Celso Roth durante sua passagem pelo Coritiba, no ano passado - Divulgação/Coritiba
Celso Roth durante sua passagem pelo Coritiba, no ano passado Imagem: Divulgação/Coritiba

Vagner Magalhães e Vanderlei Lima

Do UOL, em São Paulo

06/04/2015 06h00

A crise econômica que o Brasil atravessa e as condições financeiras precárias dos principais clubes do país têm se refletido na mesa de negociações para a contratação de treinadores. As pedidas mais altas têm sido refutadas. Técnicos com menor experiência e consequentemente mais baratos estão ocupando esses espaços.

Quando acertou o seu retorno ao Corinthians, no final do ano passado, o técnico Tite aceitou reduzir o seu salário, mas em contrapartida pediu um tempo maior de contrato. De um para três anos.
 
Na contramão, o Palmeiras aceitou pagar mais por Oswaldo de Oliveira do que por seu antecessor Dorival Júnior. Porém, o time, que foi o que mais se reforçou em 2015, reduziu gastos fixos com jogadores, propondo contratos de produtividade.
 
Recentemente o Fluminense demitiu o técnico Cristóvão Borges. Para o seu lugar foi contratado Ricardo Drubscky, em um momento em que técnicos como Abel Braga, Mano Menezes, Ney Franco, Dorival Júnior e Celso Roth estão no mercado.
 
Peter Siemsen, presidente do Fluminense, explica: "Ao avaliar o investimento em técnicos contra manter uma espinha dorsal de jogadores que tem visibilidade e sejam âncoras do time, a gente optou por manter alguns jogadores dessa espinha dorsal, como referência do time, e investir menos em um treinador".
 
De acordo com ele, o período econômico vivido pelo Brasil, com uma possível retração da economia em 2015, cada vez mais deverá atingir os clubes.
 
"O nosso setor tem um número de empregos muito alto, um investimento alto. O próprio governo, ao gastar mais do que recebe, acaba gerando um aumento das taxas de juros e com isso aumenta a velocidade da correção das dívidas. Se você for avaliar os componentes desse cenário, todos são negativos em relação ao investimento no futebol. É um cenário bastante complexo em termos econômicos", diz.
 
O técnico Dorival Júnior chegou a negociar com o Santos depois da demissão de Enderson Moreira, mas Marcelo Fernandes, auxiliar de Moreira, foi efetivado. "É uma contingência natural. Primeiro, temos um número considerável de profissionais e ainda temos alguns que estão aparecendo. Isso acirra um pouco a concorrência. O mercado está começando a se estabilizar. É um dado importante, independentemente de a gente estar momentaneamente passando por essa situação", diz Júnior. 
 
O treinador afirma que negociar um salário menor faz parte do momento atual. "Isso aí nunca foi o motivo que me impediu de estar à frente de um clube, nunca foi.

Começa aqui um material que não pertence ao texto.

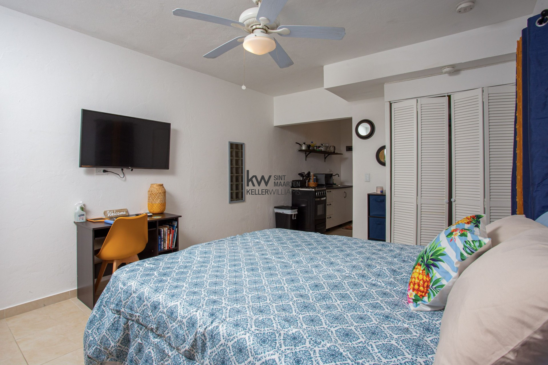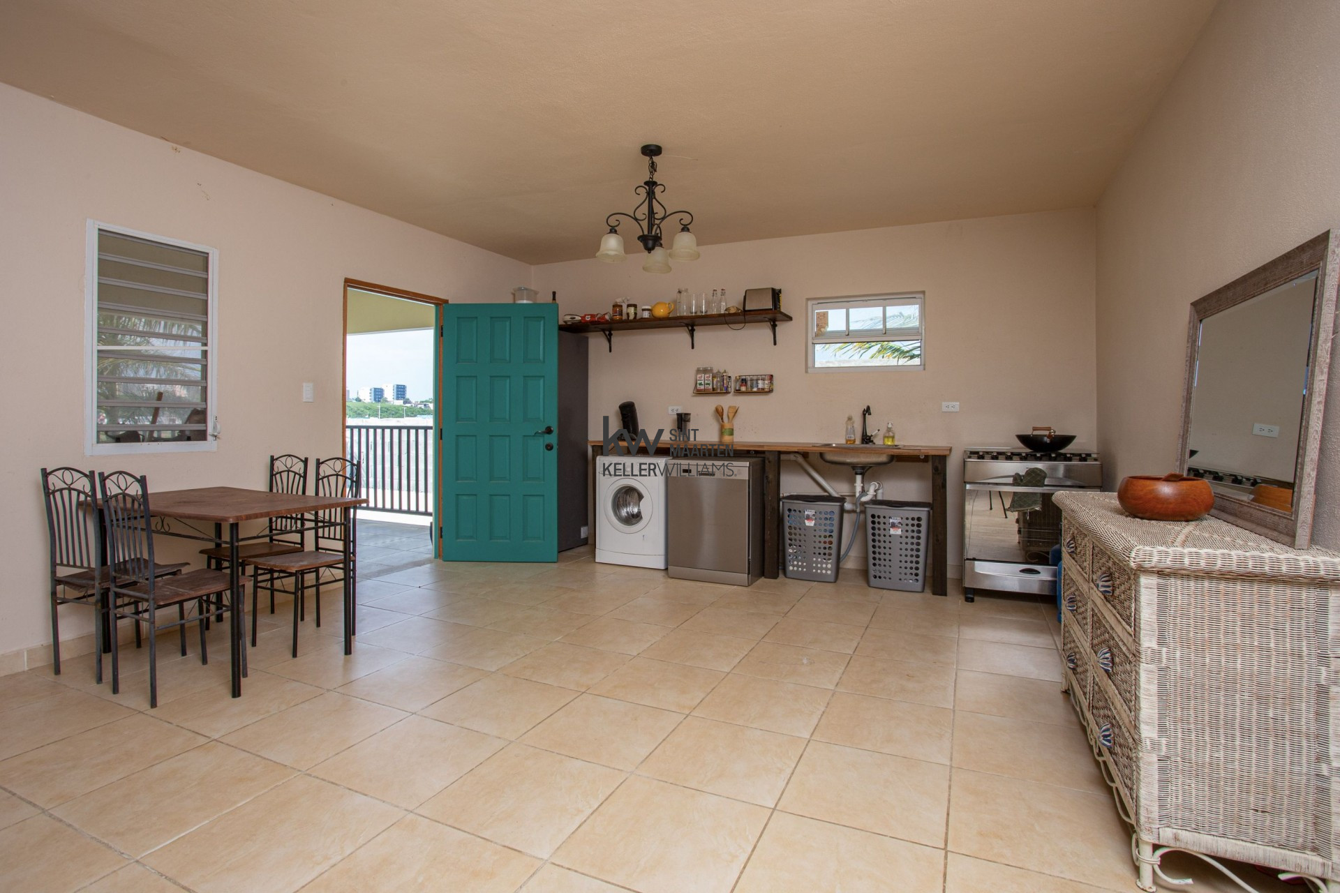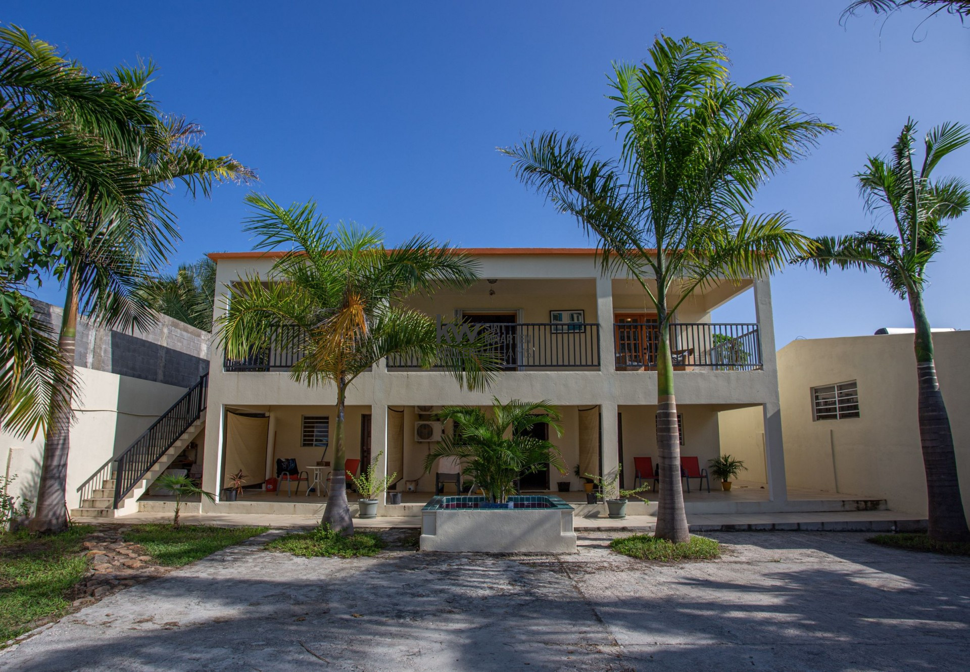 The ground floor consists of 5 studio apartments, all ideal for Airbnb or long term rentals. The upper floor is a spacious 3 bedroom penthouse with wrap around porch overlooking the landing strip of Princess Juliana International Airport. There is expansion possibility to make a comfortable rooftop terrace with expansive island and ocean views.
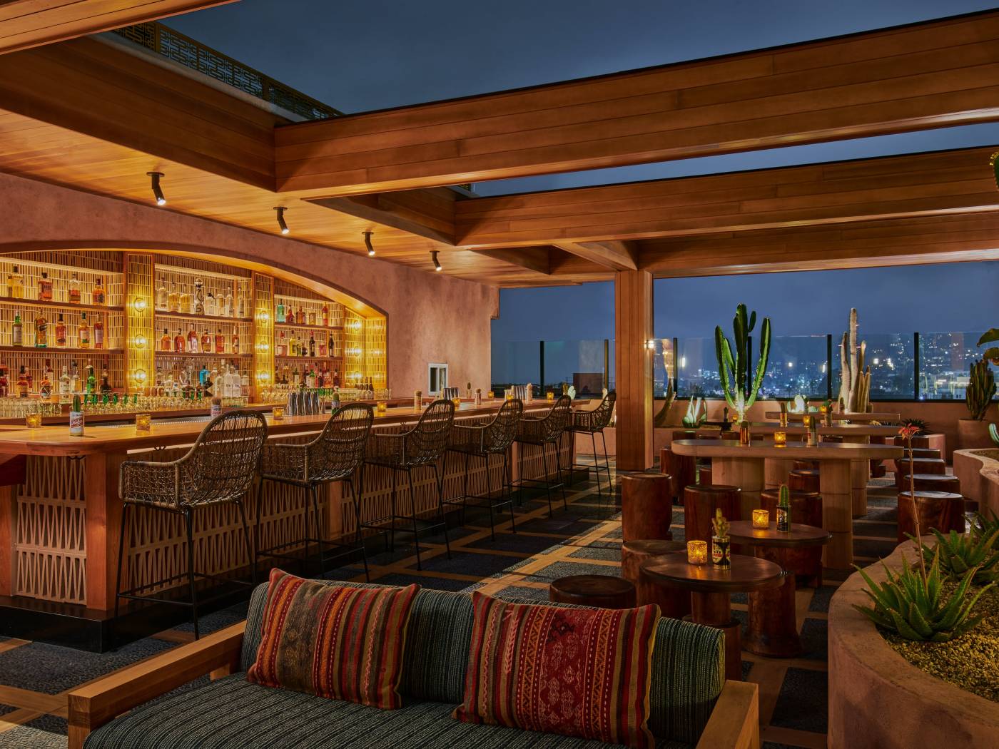 "Self-described as "a little bit country, a little bit rock-and-roll," Desert 5 is a Pioneertown-inspired rooftop bar in Hollywood that is committed to the bit. There are glowing neon signs, cocktail glasses shaped like cacti and boots, and a stage where some band you've never heard of plays their heart and soul out while rocking cowboy hats. It gets crowded here on weeknights, so probably come then. Weekends are packed, packed, packed." - brant cox, sylvio martins

O profissional sempre procura ter uma valorização dentro do que ele acha conveniente. Na última conversa que eu tive com o Santos, a própria diretoria estava um pouco incerta sobre o que fazer. O profissional tem de saber os momentos. Vai ter um momento um pouco melhor, mas também terá um momento em que ele terá de dar um passo atrás". 
 
Segundo ele, uma negociação que não atinja o patamar desejado não deve ser motivo para ficar desempregado. "O profissional tem de estar trabalhando e eu nunca tive esse problema. Sempre quando eu sentei para negociar, eu abri mão de uma situação ou outra e sempre chegamos a um denominador", diz.
 
 
Para o presidente do Santos, Modesto Roma, a opção por Marcelo Fernandes, que começou como interino, se deu também pela questão salarial.
 
"Foi uma opção que nós fizemos. A questão salarial, é óbvio que tem peso, mas tem um peso relativo. A opção pelo Marcelo foi algo concreto. Se não tivéssemos ele, talvez fosse diferente. O Santos tem uma política (salarial) e não sai dela. Todos os profissionais do futebol vão ter de se adequar a uma política de não comprar sapato maior que o pé. Então, essa é a realidade, nós temos de ter essa consciência", diz o dirigente santista, que também negociou com Dorival Júnior e Vágner Mancini para o cargo.
 
"Eu conversei com o Dorival, com o Vágner Mancini e optamos pelo Marcelo. Se a opção fosse por um deles, nós discutiríamos a questão salarial para que ela adequasse às condições salariais do clube", diz.
 
Nova ordem
 
José Luís Moreira, vice-presidente de futebol do Vasco, afirma que Doriva foi contratado dentro da atual realidade.
 
"Loucura nós não vamos fazer. Se a gente começar a fazer loucuras como alguns clubes fazem, a vaca vai para o brejo. Segundo ele, a atual política do clube é investir em técnicos jovens, com ideias novas. "Técnico medalhão não passa pela nossa cabeça. Sem dúvida, são treinadores excelentes, mas temos de ser realistas". 
 
Gilson Kleina, que atualmente está no Avaí, chegou a negociar com o Vasco, sem êxito. "Todo o profissional tem de ter o seu mínimo, quanto maior é aquilo que ele conquiste dentro dos clubes. O futebol é muito desgastante. Eu penso que neste momento, os clubes estão freando um pouquinho, mas ao mesmo tempo você faz uma equação e entende que é melhor você ter uma situação sempre organizada e garantida do que estar esperando um patamar financeiro lá em cima e as coisas não acontecem". 
 
Copa do Mundo
 
Celso Roth, que está parado desde que deixou o Coritiba no ano passado, afirma que até a perda da Copa do Mundo pelo Brasil dificultou a situação.
 
"O fator econômico é um que o país está vivendo. Eu sabia que se a gente não ganhasse a Copa do Mundo, nós do futebol, profissionais, teríamos dificuldades. Quando não se ganha uma Copa do Mundo no seu país, obviamente teríamos um revés. É um conjunto de situações dentro do futebol que levou a isso", diz.
 
"Os clubes, depois que passaram a negociar diretamente com determinado setor que financia o futebol, passaram a fazer antecipações de cotas e todos eles estão com dificuldades financeiras. Isso, obviamente, vai acarretar essa situação de dificuldade de acerto também para os treinadores, sem dúvida".